» **What you are asked to do**: Would you please set down the data again exactly as given, excluding the pictures?
········
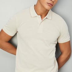 Upgrade your casual wardrobe with this polo T-shirt that features a classic polo collar, half sleeves, and vented hem to lend you comfort all day long. The solid surface adds a stylish flair to your overall look.
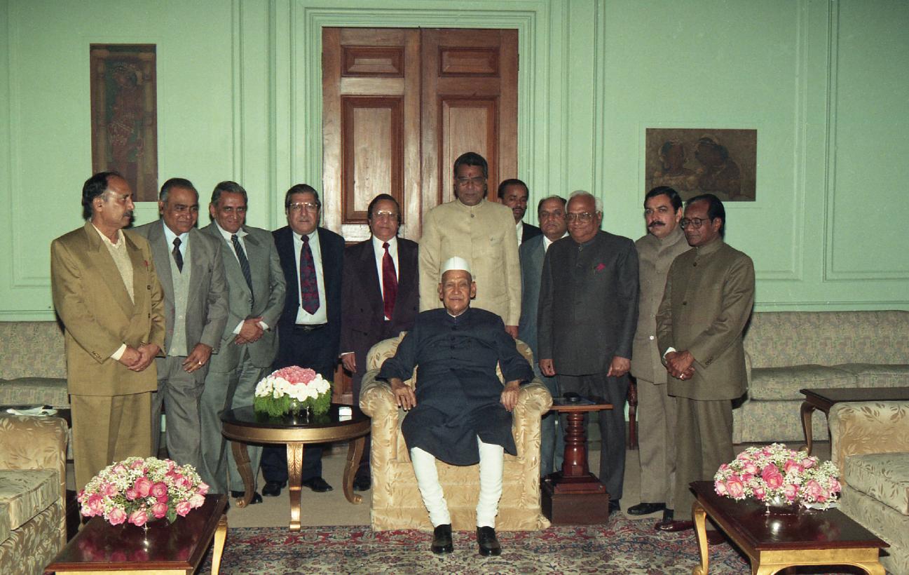 The President of India, Dr. Shankar Dayal Sharma meeting with Shri Prem Naryana Vijayavargiya with Shri P.B. Vijay, Dir. Gen., CPWD at Rashtrapati Bhavan in New Delhi on February 01, 1997.
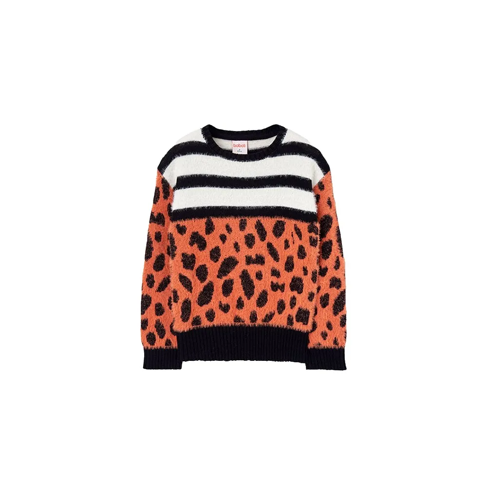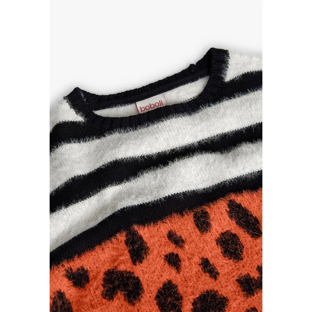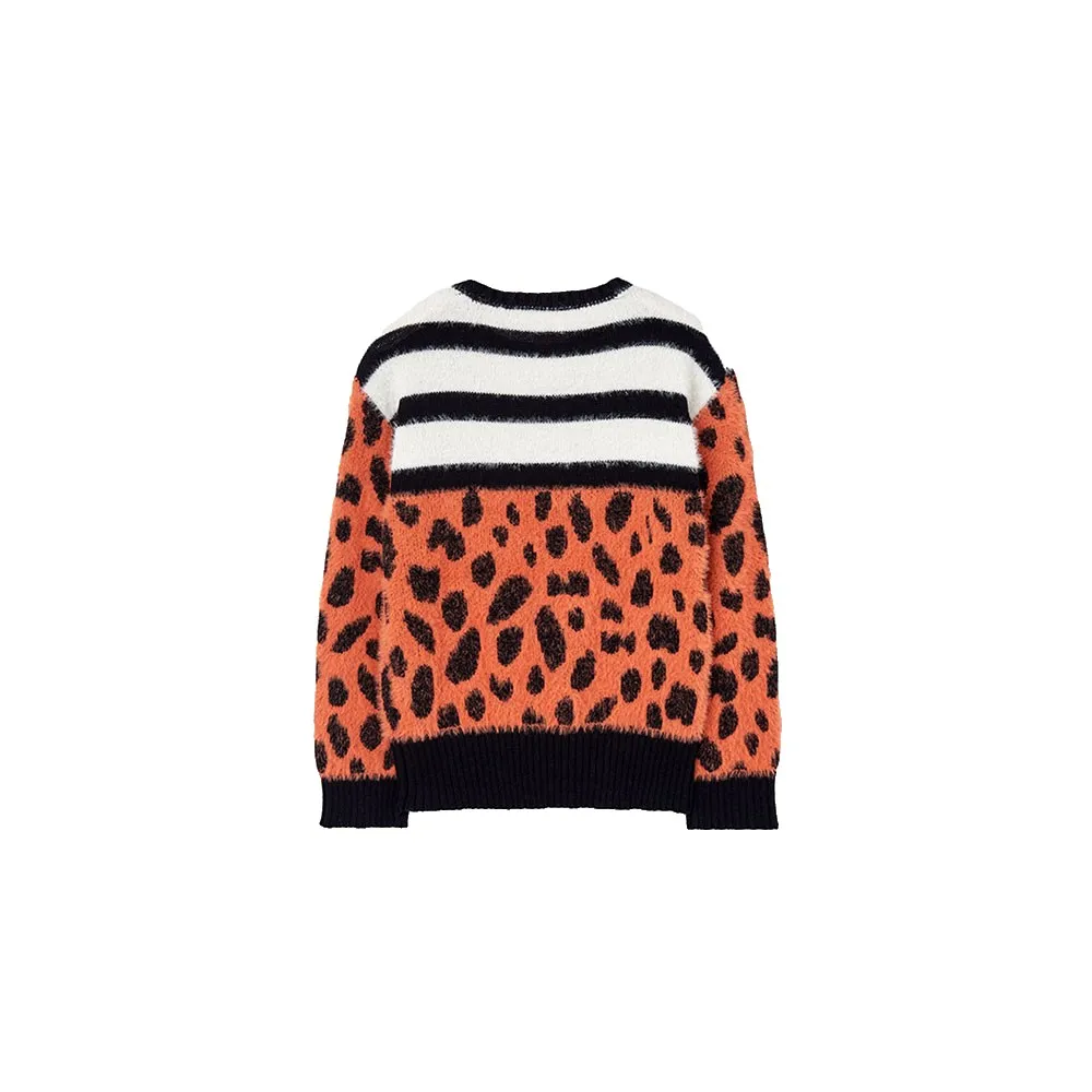 Gestrickter Mädchenpullover in einem leuchtenden Lachston mit einem auffälligen Tierdruckdesign, perfekt für die Herbst- und Wintermonate.
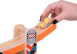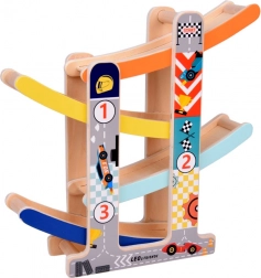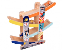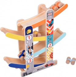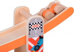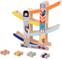 Această pistă robustă din lemn pentru mașinuțe oferă copiilor atât distracție, cât și învățare. Datorită celor patru piste colorate și celor patru mașinuțe din lemn, copiii se bucură de coborâri dinamice și exersează în același timp motricitatea fină, coordonarea mână–ochi și relația cauză–efect. Jucăria este gata de utilizare imediat după despachetare – fără asamblare.
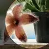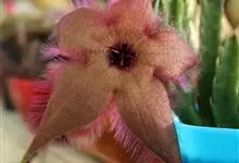 巨花犀角又称大豹皮花,是夹竹桃科犀角属的一种植物。茎粗,花大,边缘生长细毛。植株柱形多分枝呈丛生,柱形具4棱,棱缘具细小疣突。花大,五角星形黄色,并有横向棕褐色斑纹,似豹皮而得名。花期夏秋两季。…全部>>
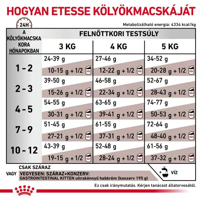 A fejlődésben lévő kölyökmacskák energia- és tápanyagigénye magas, ezért fontos a gyors segítség, ha emésztési panaszaik vannak. A Royal Canin Veterinary Feline Gastrointestinal Kitten eledelt speciálisan arra fejlesztették ki, hogy ellássa azokat a kicsiket minden fontos tápanyaggal, akik a bél akut felszívási zavaraival küzdenek. Egy olyan energia- és tápanyagdús diétás száraztápról van szó, ami kiválóan alkalmas betegség vagy műtét utáni lábadozáshoz is.
········
» **Solution to the problem**:
 Upgrade your casual wardrobe with this polo T-shirt that features a classic polo collar, half sleeves, and vented hem to lend you comfort all day long. The solid surface adds a stylish flair to your overall look.
 The President of India, Dr. Shankar Dayal Sharma meeting with Shri Prem Naryana Vijayavargiya with Shri P.B. Vijay, Dir. Gen., CPWD at Rashtrapati Bhavan in New Delhi on February 01, 1997.
 Gestrickter Mädchenpullover in einem leuchtenden Lachston mit einem auffälligen Tierdruckdesign, perfekt für die Herbst- und Wintermonate.
 Această pistă robustă din lemn pentru mașinuțe oferă copiilor atât distracție, cât și învățare. Datorită celor patru piste colorate și celor patru mașinuțe din lemn, copiii se bucură de coborâri dinamice și exersează în același timp motricitatea fină, coordonarea mână–ochi și relația cauză–efect. Jucăria este gata de utilizare imediat după despachetare – fără asamblare.
 巨花犀角又称大豹皮花,是夹竹桃科犀角属的一种植物。茎粗,花大,边缘生长细毛。植株柱形多分枝呈丛生,柱形具4棱,棱缘具细小疣突。花大,五角星形黄色,并有横向棕褐色斑纹,似豹皮而得名。花期夏秋两季。…全部>>
 A fejlődésben lévő kölyökmacskák energia- és tápanyagigénye magas, ezért fontos a gyors segítség, ha emésztési panaszaik vannak. A Royal Canin Veterinary Feline Gastrointestinal Kitten eledelt speciálisan arra fejlesztették ki, hogy ellássa azokat a kicsiket minden fontos tápanyaggal, akik a bél akut felszívási zavaraival küzdenek. Egy olyan energia- és tápanyagdús diétás száraztápról van szó, ami kiválóan alkalmas betegség vagy műtét utáni lábadozáshoz is.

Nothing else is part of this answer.